OpenHistoricalMap / issues

File your issues here, regardless of repo until we get all our repos squared away; we don't want to miss anything.
Creative Commons Zero v1.0 Universal
18 stars 1 forks source link

Nominatim search for "san marino" returning no results when it should #407

Closed danrademacher closed 2 years ago

danrademacher commented 2 years ago

Bug description This search for San Marino has no results: https://openhistoricalmap.org/search?query=san%20marino#map=7/44.153/-120.515&layers=O&date=1859&daterange=1859,2022 image

San Marino is quite well mapped: https://www.openhistoricalmap.org/#map=13/43.9399/12.4725&layers=O&date=1900&daterange=1800,2021

Here's a relation with "San Marino" in the name: https://www.openhistoricalmap.org/relation/2692735#map=13/43.9399/12.4510&layers=OND&date=301&daterange=301,2021

We would expect that to be found when searching for "san marino".

This works though: image

https://www.openhistoricalmap.org/search?query=San%20Marino%201463-present#map=13/43.9426/12.4594&layers=OND&date=301&daterange=301,2021

this does not: https://www.openhistoricalmap.org/search?query=San%20Marino#map=13/43.9426/12.4594&layers=OND&date=301&daterange=301,2021 image

danrademacher commented 2 years ago

This is not a simple case of the API not responding that we could try to address on the infrastructure side.

It also does not seem to be some weird bug related to "years in name make substring fail" since this works: https://staging.openhistoricalmap.org/search?query=comancheria#map=7/34.746/-100.629&layers=O&date=1922-01-01&daterange=1922-01-01,2022-12-31

image

So then what is it about "San Marino 1463-present" that causes the search to return no results?

danrademacher commented 2 years ago

This is also true of Oregon:

This one has 4 results: https://www.openhistoricalmap.org/search?query=Oregon%20Territory

But this has only one: https://www.openhistoricalmap.org/search?query=Oregon

At least part of the issue seems to be that it is not doing substring search

danrademacher commented 2 years ago

@batpad who do we know in the larger OSM community who we could reach out to on this one?

It seems clear that the data is in Nominatim's database, so not an issue of data syncing between main DB and Nominatim, but one can only get those results by typing in the exact name to get a result.

Looking at OSM for "oregon" and you get a lot more results: https://www.openstreetmap.org/search?query=oregon#map=13/41.6782/-83.4387

It appears to be doing substring search on, eg, Oregon County, but I wonder if that's really true or if all these items have other searchable tags that are just "oregon"

EG, here's "Oregon county" with an "alt name" of "Oregon" https://www.openstreetmap.org/relation/1180502

But this one seems like a substring: https://nominatim.openstreetmap.org/ui/details.html?osmtype=W&osmid=722118662&class=man_made

https://www.openstreetmap.org/way/722118662

The only visible instance of "Oregon" there is name:etymology:wikipedia | en:Hawthorne Boulevard (Portland, Oregon)

So the question is how can we get our instance of Nominatim to treat name | San Marino 1463-present the same as OSM Nominatim is treating name:etymology:wikipedia | en:Hawthorne Boulevard (Portland, Oregon)

danrademacher commented 2 years ago

I discussed this with @batpad and here are notes from that:

Potentially 3 things:

There's folks doing something similar to OSM-seed and they have a Pelias container packaged: https://github.com/headwaymaps/headway/tree/main/services/pelias - it seems like it might not be too much work to set it up and get it to read from our replication and just explore if that gives us better results / maybe more configurable, etc.

I'll check with @geohacker about an intro to Sarah Hoffman.

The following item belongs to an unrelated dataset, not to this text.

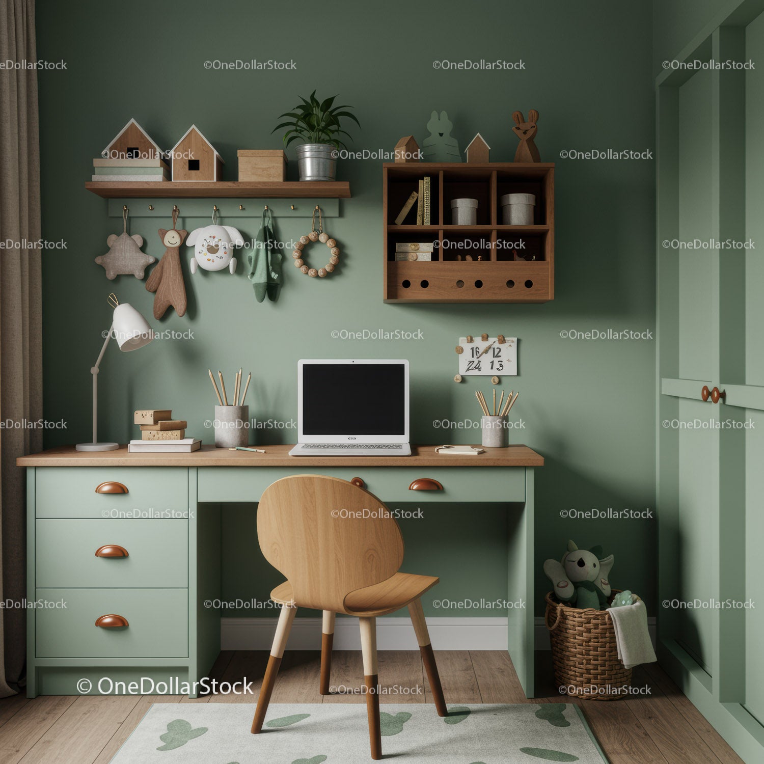Przytulny pokój dziecięcy z drewnianym biurkiem i wesołymi dekoracjami w kolorze zielonym

Since OSM is using Nominatim and getting better substring search results, this feels like something that might be solvable without actually getting into Nominatim internals. Though that won't tell us if Pelias might be a better long term search solution...

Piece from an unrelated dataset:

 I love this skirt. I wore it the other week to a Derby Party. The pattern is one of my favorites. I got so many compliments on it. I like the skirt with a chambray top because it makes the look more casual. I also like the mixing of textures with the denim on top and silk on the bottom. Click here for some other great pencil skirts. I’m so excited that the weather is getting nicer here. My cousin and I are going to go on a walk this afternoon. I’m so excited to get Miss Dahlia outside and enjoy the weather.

geohacker commented 2 years ago

@danrademacher I added another point in this ticket https://github.com/OpenHistoricalMap/issues/issues/243#issuecomment-1156246662 about admin levels used to construct the display name. I'm not entirely sure it's related but just wanted to link here as we look into this.

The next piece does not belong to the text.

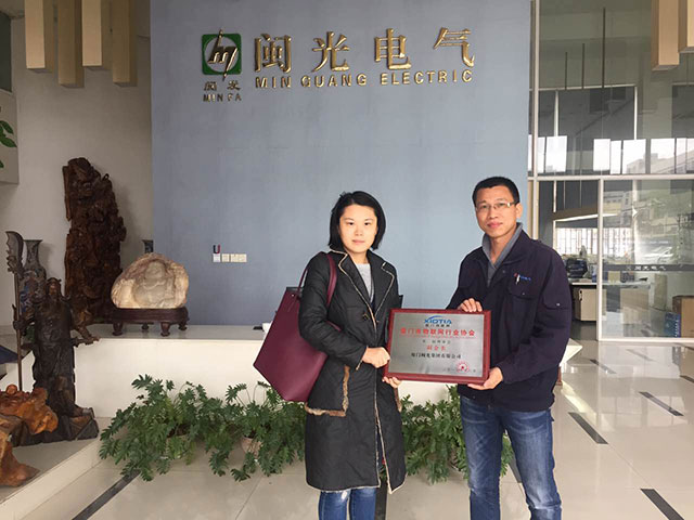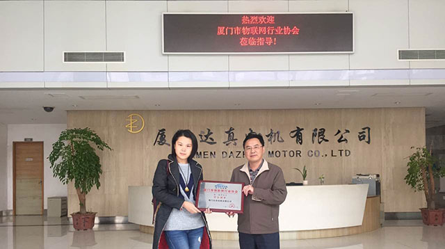 走访常务理事单位厦门达真电机有限公司,图为达真电机公司总经理陈红岩(图右)与秘书处工作人员合影

geohacker commented 2 years ago

I'll try to tag @lonvia here to see if she might have any ideas. I mentioned to Sarah at SOTM that we are using Nominatim for OHM and have some quirks which we aren't entirely sure about.

To summarise, in this particular case:

  1. There's an admin level 2 relation https://www.openhistoricalmap.org/relation/2692735#map=13/43.9397/12.4509&layers=OND&date=1922-01-01&daterange=1922-01-01,2022-12-31 named San Marino 1463-present
  2. There's a place=country node named San Marino https://www.openhistoricalmap.org/node/2090640309#map=20/43.93771/12.46485&layers=OND&date=1463-06-27&daterange=1463-06-27,2022-12-31
  3. There's a place=city node named City of San Marino
  4. But searching san marino brings up no results.

I think we are most certainly misinterpreting Nominatim's behaviour and expecting something that our instance isn't configured properly for. @lonvia, would be great if you have any thoughts or directions you can point us in. Thank you!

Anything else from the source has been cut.